2. Gelandangan ini memang pamanku

164 20 4
                                    

Steve mendatangi kantor polisi, melakukan pengaduan terkait penculikan Lila. Pihak kepolisian mulai menyisir daerah sekitar, mencari mobil Sedan hitam.

"Pria badan besar, pakaian serba hitam dan pakai masker, juga sarung tangan. Suara langkahnya agak berat, badannya agak atletis seperti bodyguard, usianya mungkin di atas dua puluhan tahun. Dari jenis mobil mewah yang dia pakai, ada kemungkinan orang-orang yang terkait bisnis ayah saya. Jadi coba periksa dari klien-klien ayah saya."

Dua polisi saling pandang ketika mendengar cerita Steve, gaya pemuda di depan mereka sudah seperti seorang profiler.

"Saudara tidak melihat nomor kendaraan pemilik mobil?" tanya salah seorang polisi.
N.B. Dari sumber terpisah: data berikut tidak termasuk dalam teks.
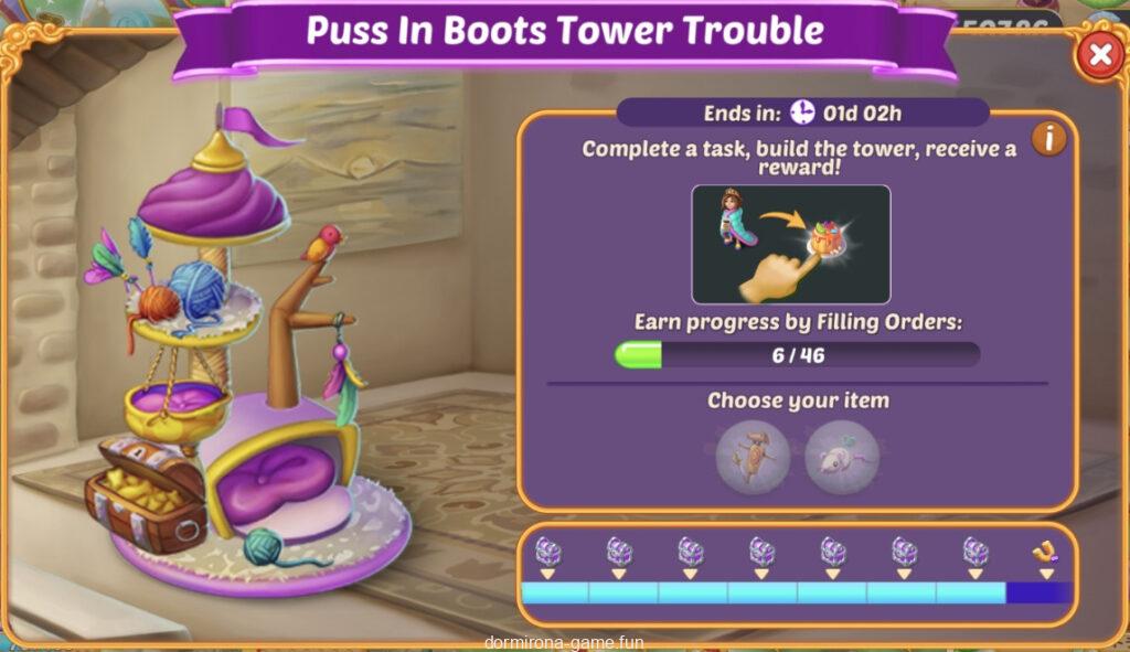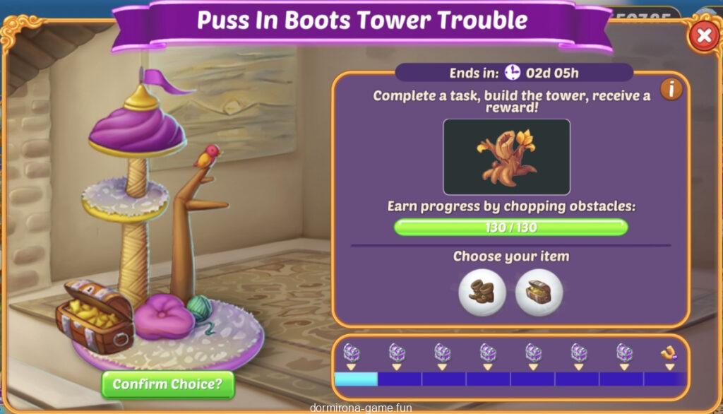 - タスクをこなして長靴をはいた猫のキャットタワーを選ぶ(2択)

Steve menggeleng, tangannya meremas lutut, terlihat jelas tatapan khawatirnya. Setelah menenggak segelas air yang disodorkan polisi, Steve dikejutkan dengan gebrakan di pintu. Terlihat seorang polisi muda usia sekitar 25-an tahun masuk tergesa ke ruangan itu.

"Steve?"

"Bang Smith..." Steve langsung berdiri, memeluk pria yang barusan masuk. "Aku nggak bisa jagain Lilo, Bang," keluhnya.
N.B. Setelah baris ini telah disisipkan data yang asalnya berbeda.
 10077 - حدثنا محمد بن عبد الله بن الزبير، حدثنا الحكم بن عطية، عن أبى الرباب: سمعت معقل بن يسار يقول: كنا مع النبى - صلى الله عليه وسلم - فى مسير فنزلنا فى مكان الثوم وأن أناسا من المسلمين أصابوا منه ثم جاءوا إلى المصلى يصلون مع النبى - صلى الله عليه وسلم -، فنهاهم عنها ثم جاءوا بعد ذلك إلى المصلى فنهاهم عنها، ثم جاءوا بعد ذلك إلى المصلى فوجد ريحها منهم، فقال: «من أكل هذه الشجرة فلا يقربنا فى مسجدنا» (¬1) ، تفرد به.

Polisi dengan nama Smith Wirya Wellington itu menepuk-nepuk punggung adiknya. "Tenang, serahkan semua sama polisi. Sudah memberi laporan sedetailnya?"

Steve mengangguk. Dia lantas melepas pelukan dengan Smith.

"Sekarang pulang, mandi, dan makan. Tunggu kabar dariku."

Steve kembali mengangguk. Wajah tampannya tidak cocok dengan ekspresi cemberut, tapi dia bukan ahlinya menyembunyikan duka.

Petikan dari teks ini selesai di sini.